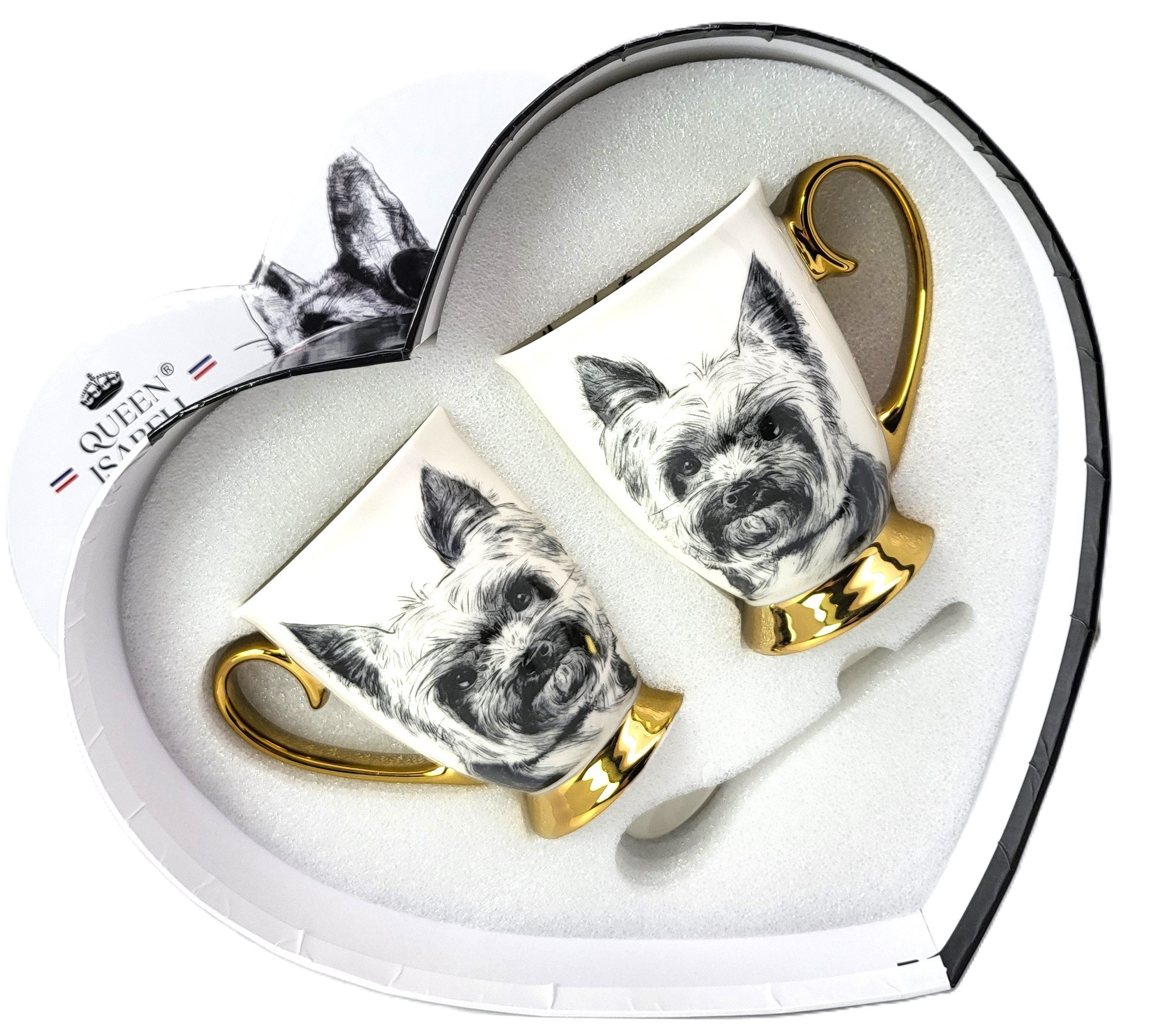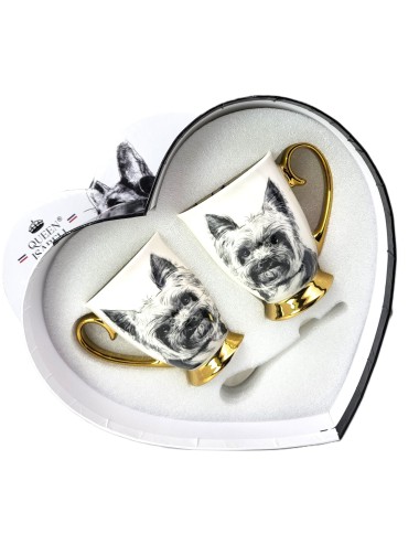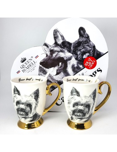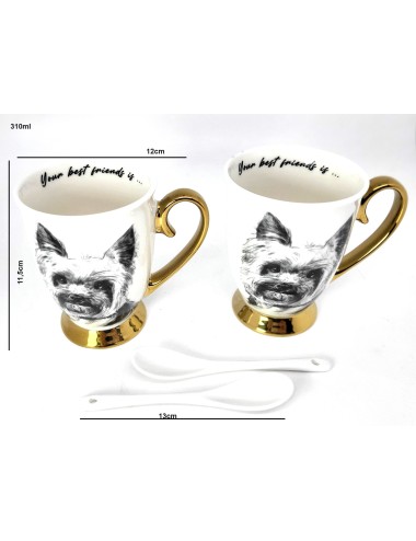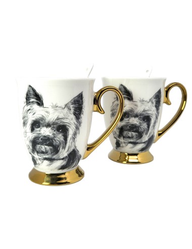 Zestaw złoconych kubków wykonanych z porcelany z wizerunkiem psa rasy york. Zapakowany w opakowanie prezentowe. Pojemność: 310 ml*2
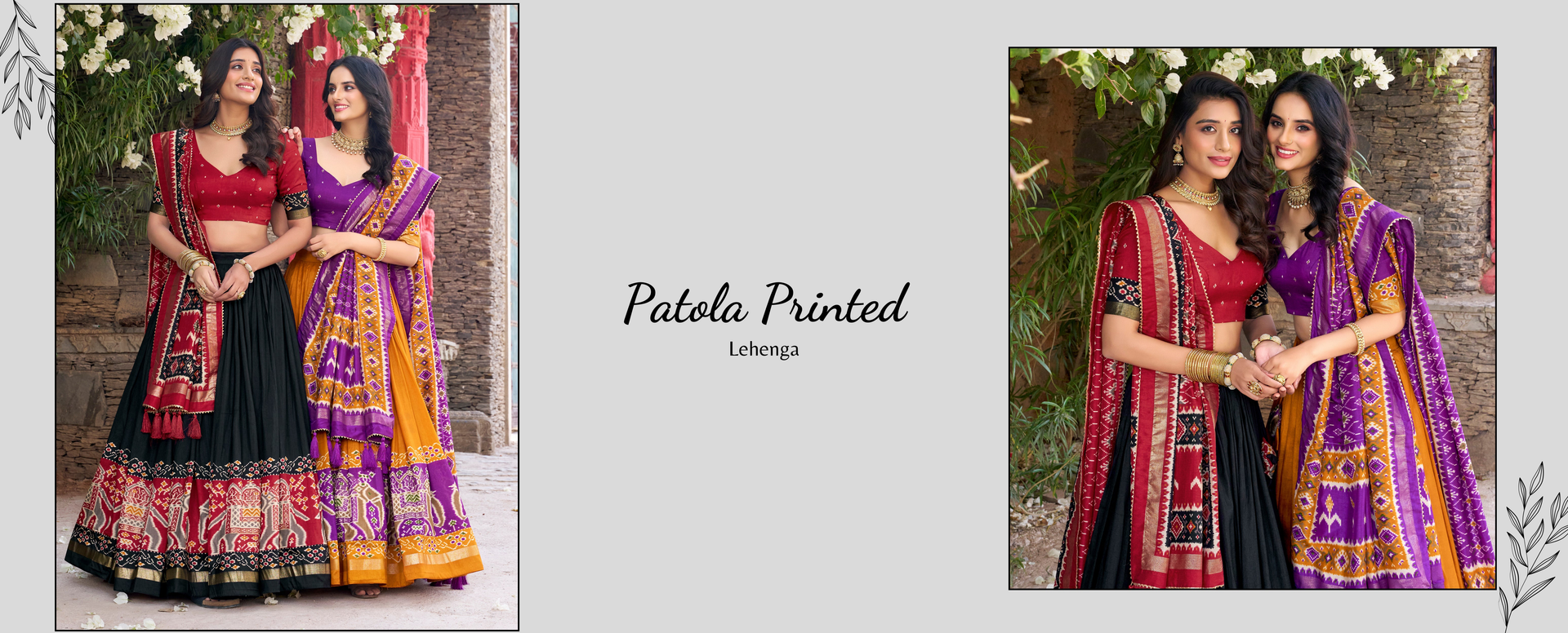Black Color Patola Printed Tussar Silk Lehenga Choli
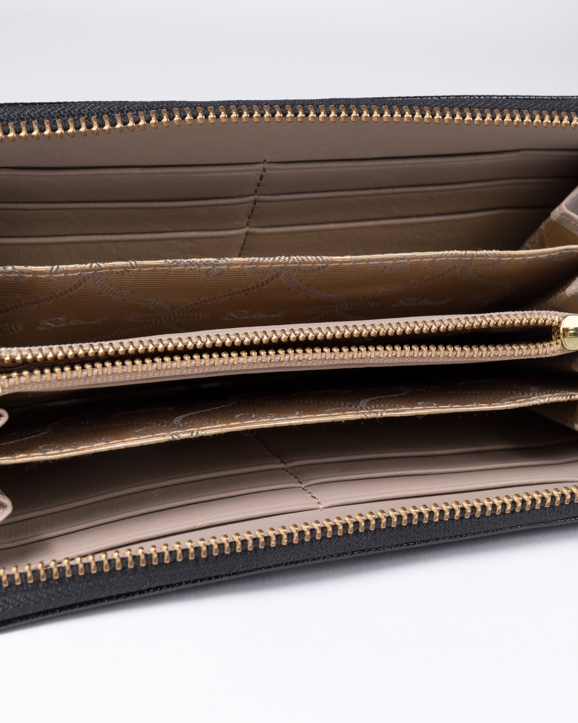 • 一個拉鏈口袋、四個信用卡夾層及一個後幅平底口插袋

◆ ◆ ◆ ◆ ◆

§ **WHAT IS REQUIRED**
What is needed is every line of the data above, set down exactly but with the images left out.

§ **EXERCISE SOLUTION**
 Zestaw złoconych kubków wykonanych z porcelany z wizerunkiem psa rasy york. Zapakowany w opakowanie prezentowe. Pojemność: 310 ml*2
Black Color Patola Printed Tussar Silk Lehenga Choli
 • 一個拉鏈口袋、四個信用卡夾層及一個後幅平底口插袋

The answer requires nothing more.